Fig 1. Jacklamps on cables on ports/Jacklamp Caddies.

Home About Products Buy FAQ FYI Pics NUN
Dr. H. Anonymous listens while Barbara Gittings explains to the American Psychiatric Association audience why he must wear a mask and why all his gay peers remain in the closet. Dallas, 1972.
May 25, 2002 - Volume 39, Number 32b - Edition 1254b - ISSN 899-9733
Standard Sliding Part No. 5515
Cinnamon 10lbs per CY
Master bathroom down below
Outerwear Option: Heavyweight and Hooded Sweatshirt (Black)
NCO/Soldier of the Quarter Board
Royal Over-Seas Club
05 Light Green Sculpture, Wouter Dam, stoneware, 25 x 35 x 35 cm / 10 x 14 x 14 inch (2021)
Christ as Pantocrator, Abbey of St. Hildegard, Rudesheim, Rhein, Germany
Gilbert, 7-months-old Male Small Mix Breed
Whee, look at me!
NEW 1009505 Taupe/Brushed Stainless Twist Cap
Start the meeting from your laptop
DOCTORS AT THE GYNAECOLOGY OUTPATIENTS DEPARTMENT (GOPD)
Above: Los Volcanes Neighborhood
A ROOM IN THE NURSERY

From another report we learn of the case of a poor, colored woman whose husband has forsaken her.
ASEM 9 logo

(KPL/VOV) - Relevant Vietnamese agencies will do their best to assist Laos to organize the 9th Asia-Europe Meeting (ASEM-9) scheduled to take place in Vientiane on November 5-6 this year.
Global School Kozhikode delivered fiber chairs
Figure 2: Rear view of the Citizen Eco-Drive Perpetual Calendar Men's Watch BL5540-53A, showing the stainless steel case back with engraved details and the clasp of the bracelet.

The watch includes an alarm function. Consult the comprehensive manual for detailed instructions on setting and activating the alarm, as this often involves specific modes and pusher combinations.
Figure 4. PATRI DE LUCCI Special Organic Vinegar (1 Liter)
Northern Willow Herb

■ Exercise objective: Across the entries, each line containing the word "Figure" is to be counted once; the total alone is to be given.

■ Exercise solution: 2